4. Дух перемен в интерпретации Д. Макклоски
Уместно обратиться к творчеству заслуженного профессора Иллинойского университета в Чикаго Д. Макклоски, которая проводит свои резонансные исследования на стыке экономической теории, истории, этики, языкознания и теории коммуникаций, неординарно реализуя трансдисциплинарный подход. Она является основателем оригинального направления в экономической теории, своеобразно интерпретирующего роль риторики как в научных исследованиях, так и в исторической эволюции хозяйственных систем. За последнее десятилетие американский исследователь опубликовал первые два тома фундаментального проекта — «Эра буржуазии» (The Bourgeois Era): «Добродетели буржуа: этика века коммерции» (2006); «Достоинство буржуа: почему экономическая наука не может объяснить современный мир» (2010). С презентацией третьего тома, выход в свет которого ожидается в скором времени, можно ознакомиться на сайте ученого (Deirdre N. McCloskey: Home Page)4.

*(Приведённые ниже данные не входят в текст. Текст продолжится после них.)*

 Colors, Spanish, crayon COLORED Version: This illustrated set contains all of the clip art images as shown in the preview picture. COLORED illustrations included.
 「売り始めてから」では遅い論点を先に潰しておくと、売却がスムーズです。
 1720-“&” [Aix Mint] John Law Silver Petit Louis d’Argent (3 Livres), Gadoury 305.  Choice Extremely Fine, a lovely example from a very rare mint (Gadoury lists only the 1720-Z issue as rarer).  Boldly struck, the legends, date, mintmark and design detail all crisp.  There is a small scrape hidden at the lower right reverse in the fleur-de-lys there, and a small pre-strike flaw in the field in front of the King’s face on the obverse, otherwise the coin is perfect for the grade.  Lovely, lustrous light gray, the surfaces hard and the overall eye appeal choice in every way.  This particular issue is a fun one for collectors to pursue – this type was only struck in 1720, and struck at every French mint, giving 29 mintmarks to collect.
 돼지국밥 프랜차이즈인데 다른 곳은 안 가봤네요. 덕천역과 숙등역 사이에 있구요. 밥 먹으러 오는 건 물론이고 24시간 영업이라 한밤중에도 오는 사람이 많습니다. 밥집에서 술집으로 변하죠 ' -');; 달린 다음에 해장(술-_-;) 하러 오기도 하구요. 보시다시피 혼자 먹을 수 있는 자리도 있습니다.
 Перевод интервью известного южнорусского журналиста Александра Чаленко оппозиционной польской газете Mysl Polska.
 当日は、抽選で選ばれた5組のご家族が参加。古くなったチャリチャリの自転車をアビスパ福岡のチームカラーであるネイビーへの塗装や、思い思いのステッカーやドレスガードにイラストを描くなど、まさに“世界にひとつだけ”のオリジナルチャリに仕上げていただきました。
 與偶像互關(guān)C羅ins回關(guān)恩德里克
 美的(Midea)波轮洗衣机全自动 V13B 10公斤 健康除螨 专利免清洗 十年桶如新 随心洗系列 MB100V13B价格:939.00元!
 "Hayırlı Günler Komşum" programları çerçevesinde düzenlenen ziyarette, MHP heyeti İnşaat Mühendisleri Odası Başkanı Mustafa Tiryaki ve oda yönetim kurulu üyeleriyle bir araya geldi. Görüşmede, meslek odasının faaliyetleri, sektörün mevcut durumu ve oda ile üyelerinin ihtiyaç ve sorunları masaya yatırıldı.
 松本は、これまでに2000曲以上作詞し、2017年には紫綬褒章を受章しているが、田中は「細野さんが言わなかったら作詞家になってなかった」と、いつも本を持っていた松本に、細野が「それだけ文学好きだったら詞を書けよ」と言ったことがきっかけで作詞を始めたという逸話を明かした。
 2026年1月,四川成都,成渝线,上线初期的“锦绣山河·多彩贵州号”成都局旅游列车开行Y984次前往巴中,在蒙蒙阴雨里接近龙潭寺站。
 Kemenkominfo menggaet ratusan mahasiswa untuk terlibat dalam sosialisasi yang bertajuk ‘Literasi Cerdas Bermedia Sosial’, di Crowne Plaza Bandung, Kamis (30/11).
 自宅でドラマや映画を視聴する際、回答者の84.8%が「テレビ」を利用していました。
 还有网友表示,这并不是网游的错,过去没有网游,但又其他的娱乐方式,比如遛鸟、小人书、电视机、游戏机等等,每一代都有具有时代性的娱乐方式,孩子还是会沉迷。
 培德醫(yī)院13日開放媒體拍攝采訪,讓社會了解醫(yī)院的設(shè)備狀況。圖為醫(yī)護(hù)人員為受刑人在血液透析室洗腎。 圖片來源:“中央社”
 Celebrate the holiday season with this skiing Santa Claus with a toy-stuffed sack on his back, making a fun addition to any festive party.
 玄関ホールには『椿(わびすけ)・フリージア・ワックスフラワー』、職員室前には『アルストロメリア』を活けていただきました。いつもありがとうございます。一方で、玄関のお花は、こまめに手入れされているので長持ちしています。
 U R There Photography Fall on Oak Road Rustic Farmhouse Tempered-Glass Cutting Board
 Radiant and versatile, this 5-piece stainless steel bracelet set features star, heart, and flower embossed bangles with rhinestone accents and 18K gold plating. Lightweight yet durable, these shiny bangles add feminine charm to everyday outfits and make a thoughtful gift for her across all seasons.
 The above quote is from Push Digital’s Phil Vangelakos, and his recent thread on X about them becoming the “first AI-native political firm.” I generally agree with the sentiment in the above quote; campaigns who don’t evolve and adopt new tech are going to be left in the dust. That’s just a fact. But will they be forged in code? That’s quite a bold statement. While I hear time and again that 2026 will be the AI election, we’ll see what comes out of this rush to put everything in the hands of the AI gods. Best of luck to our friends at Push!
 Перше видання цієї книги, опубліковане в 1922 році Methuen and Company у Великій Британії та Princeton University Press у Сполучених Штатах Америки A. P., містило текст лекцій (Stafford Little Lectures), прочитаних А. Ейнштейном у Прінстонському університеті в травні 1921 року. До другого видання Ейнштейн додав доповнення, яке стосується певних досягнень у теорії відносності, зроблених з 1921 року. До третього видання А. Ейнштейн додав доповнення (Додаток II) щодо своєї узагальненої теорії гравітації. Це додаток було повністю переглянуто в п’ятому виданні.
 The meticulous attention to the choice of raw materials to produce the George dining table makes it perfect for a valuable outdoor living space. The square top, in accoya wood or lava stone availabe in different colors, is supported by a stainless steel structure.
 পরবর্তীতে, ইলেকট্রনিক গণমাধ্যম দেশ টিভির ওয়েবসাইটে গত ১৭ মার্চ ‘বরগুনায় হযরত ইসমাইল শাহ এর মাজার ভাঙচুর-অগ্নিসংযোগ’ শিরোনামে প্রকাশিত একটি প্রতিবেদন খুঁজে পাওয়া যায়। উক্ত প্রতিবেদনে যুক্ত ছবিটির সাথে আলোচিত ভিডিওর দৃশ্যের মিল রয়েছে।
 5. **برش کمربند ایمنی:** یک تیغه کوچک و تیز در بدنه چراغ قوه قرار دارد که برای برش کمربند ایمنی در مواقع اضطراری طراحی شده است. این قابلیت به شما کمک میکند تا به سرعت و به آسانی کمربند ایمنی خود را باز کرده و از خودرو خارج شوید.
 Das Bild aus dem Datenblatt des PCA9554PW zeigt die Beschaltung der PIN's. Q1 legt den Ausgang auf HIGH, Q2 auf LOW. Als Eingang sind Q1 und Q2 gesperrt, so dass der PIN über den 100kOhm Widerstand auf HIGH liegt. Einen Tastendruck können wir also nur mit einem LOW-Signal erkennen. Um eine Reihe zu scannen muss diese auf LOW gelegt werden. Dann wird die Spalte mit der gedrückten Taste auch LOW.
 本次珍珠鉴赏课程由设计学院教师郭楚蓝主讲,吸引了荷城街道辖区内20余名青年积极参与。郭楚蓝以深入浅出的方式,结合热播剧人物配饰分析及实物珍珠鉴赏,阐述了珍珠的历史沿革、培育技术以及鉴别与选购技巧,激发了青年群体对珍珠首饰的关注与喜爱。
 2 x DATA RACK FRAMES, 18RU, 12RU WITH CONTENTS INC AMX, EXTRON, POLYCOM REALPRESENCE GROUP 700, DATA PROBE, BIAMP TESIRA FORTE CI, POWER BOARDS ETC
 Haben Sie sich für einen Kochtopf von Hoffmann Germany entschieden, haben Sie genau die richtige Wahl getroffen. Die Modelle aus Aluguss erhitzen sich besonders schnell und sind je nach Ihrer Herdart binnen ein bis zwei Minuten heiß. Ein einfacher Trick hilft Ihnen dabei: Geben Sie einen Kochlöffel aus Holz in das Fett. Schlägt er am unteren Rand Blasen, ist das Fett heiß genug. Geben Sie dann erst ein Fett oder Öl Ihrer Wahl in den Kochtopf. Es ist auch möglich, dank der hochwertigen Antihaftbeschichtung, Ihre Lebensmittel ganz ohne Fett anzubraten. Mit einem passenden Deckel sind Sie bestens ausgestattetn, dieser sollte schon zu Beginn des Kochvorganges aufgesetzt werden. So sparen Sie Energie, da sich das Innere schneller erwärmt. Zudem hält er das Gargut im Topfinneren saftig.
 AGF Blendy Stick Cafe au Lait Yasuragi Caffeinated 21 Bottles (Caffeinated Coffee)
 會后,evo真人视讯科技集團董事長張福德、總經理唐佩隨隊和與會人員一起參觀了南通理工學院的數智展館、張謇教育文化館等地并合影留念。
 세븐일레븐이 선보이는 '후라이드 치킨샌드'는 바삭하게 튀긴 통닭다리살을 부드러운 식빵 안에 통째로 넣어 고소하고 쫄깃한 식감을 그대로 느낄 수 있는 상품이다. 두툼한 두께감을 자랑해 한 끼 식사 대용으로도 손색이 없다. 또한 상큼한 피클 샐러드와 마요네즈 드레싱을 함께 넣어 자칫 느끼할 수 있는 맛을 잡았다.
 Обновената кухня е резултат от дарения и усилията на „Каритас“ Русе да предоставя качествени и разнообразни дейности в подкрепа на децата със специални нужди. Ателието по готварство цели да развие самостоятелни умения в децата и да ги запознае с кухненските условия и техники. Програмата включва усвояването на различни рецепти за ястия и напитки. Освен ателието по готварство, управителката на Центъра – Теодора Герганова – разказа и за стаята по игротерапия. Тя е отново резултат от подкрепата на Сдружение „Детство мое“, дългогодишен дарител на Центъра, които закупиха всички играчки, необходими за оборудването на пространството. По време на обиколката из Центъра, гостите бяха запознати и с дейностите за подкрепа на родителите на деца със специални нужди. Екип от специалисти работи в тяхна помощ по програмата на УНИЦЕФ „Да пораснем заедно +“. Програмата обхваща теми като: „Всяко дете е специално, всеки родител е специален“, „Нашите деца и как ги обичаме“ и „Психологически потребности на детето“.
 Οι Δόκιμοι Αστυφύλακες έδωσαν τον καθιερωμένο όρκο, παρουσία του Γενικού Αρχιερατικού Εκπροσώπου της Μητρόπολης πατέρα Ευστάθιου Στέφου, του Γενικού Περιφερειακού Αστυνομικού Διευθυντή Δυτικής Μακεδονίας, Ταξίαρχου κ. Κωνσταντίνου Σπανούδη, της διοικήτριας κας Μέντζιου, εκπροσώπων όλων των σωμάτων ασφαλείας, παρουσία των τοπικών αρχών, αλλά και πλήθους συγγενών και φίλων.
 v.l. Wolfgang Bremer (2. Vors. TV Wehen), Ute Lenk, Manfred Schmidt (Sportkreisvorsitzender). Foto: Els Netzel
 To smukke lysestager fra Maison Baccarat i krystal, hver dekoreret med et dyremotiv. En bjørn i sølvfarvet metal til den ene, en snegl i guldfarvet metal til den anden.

Как это обычно бывает в науке, в концептуальных подходах Д. Макклоски есть и сильные, и слабые стороны. Автор подвергает бескомпромиссной, можно сказать фронтальной, критике воззрения «друзей-экономистов»5. В предельно кратком изложении ее суть заключается в следующем: неприятие неоклассической поведенческой модели рационального выбора с присущей ей метафорой «маржиналистского человека» — максимизатора полезности; отрицание роли экономических, правовых и политических институтов (включая права собственности), а также науки и накопления капитала как главных причин и источников экономического роста в Новое время; несогласие с расхожей интерпретацией институтов представителями новой институциональной экономики как «ограничений и стимулов» и противопоставление ей концепции институтов как культурно и социально обусловленных феноменов, смыслопорождающих и мотивирующих ментальных структур, в которых воплощаются формы социальной деятельности6; обвинение «Норта и компании» в том, что они игнорируют языковую коммуникацию (риторику) в качестве центрального факта общественной жизни и движущей силы хозяйственного развития [16].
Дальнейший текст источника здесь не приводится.